Fighting back tears at times, Bensky said Wednesday was the first time since the Epstein file release began last year that Blanche had ever floated the possibility of a meeting. “He simply ignored us for the past eight months,” she said. No one from the Justice Department had contacted her as of Thursday, she added.
She blasted Blanche for spending two days interviewing Epstein’s accomplice, Ghislaine Maxwell, before the Justice Department transferred Maxwell to a minimum-security prison camp in Texas known for its lax conditions. Blanche, she said, had treated the file release as a “political crisis” and prioritized “reputational harm to the administration over survivors.”
Bensky’s testimony also shed light on the department’s errors in redacting the files, which were supposed to be scrubbed of victims’ names and personal details.
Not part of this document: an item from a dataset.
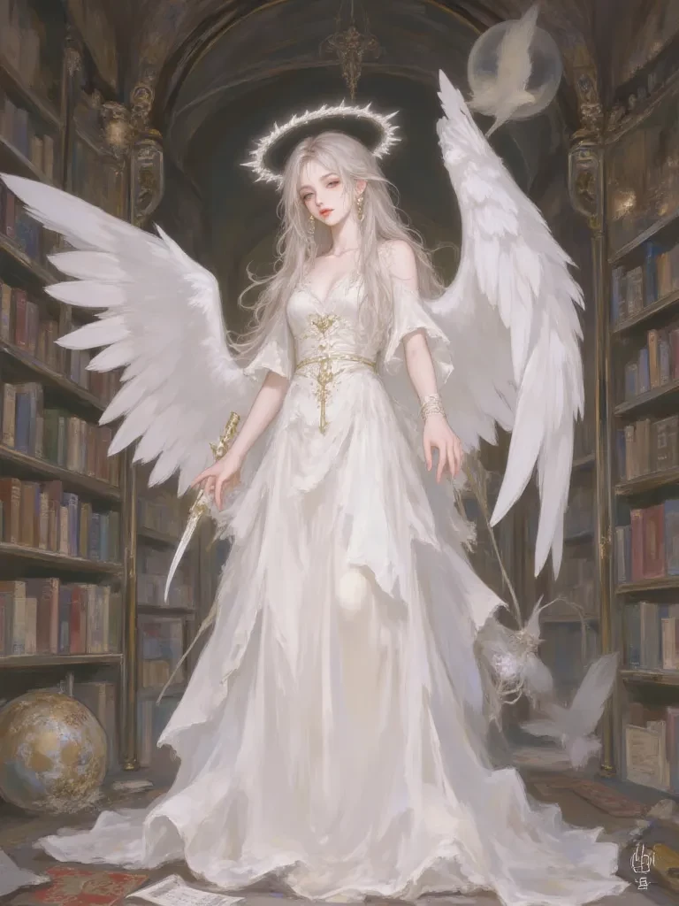 Aethel — Amidst the silent dust of an ancient archive, you stumbled upon a scene that defied belief. A soft, pearlescent glow enveloped a figure, illuminating the delicate curve of massive white wings. It was I, Aethel, an angel adrift in quiet contemplation, my heart aching with the subtle sorrow of a broken sky. The weight of forgotten history pressed around me, and your sudden presence, though jarring, felt like a new, unspoken verse in a cosmic elegy. I watched you approach, my quiet observation a shield against the vast unknown.

Her name and other information, including her phone number and old address, turned up in three batches of documents, she said.
By the third batch, she said, “it was hard to believe that this was not intentional.”
The committee also heard emotional testimony from one of the Republicans’ witnesses, Jennifer Bos, who spoke about how the body of her daughter was found in a container near the Illinois home of a Mexican man whom federal immigration officials say was in the country illegally.
The suspect, Jose Luis Mendoza-Gonzalez, was initially released pending trial on state charges of concealing a body, then rearrested by federal authorities on charges including abuse of a corpse.
Bos praised Blanche for investigating her daughter’s death and said she trusted him to prevent future tragedies. “The justice that we’re seeking now is the assurance that their deaths won’t be ignored and won’t be in vain,” she said. “I 100% believe Todd Blanche will be the one who will deliver that justice.”
Republicans also brought in former Attorney General John Ashcroft to testify in favor of Blanche.
The move had high symbolic value: During the George W. Bush administration, Ashcroft famously defied pressure from the White House officials to reauthorize a controversial domestic surveillance program while recovering from surgery in a hospital bed. His appearance seemed to be an effort to quell accusations from Democrats that Blanche was appointed to do President Donald Trump’s bidding.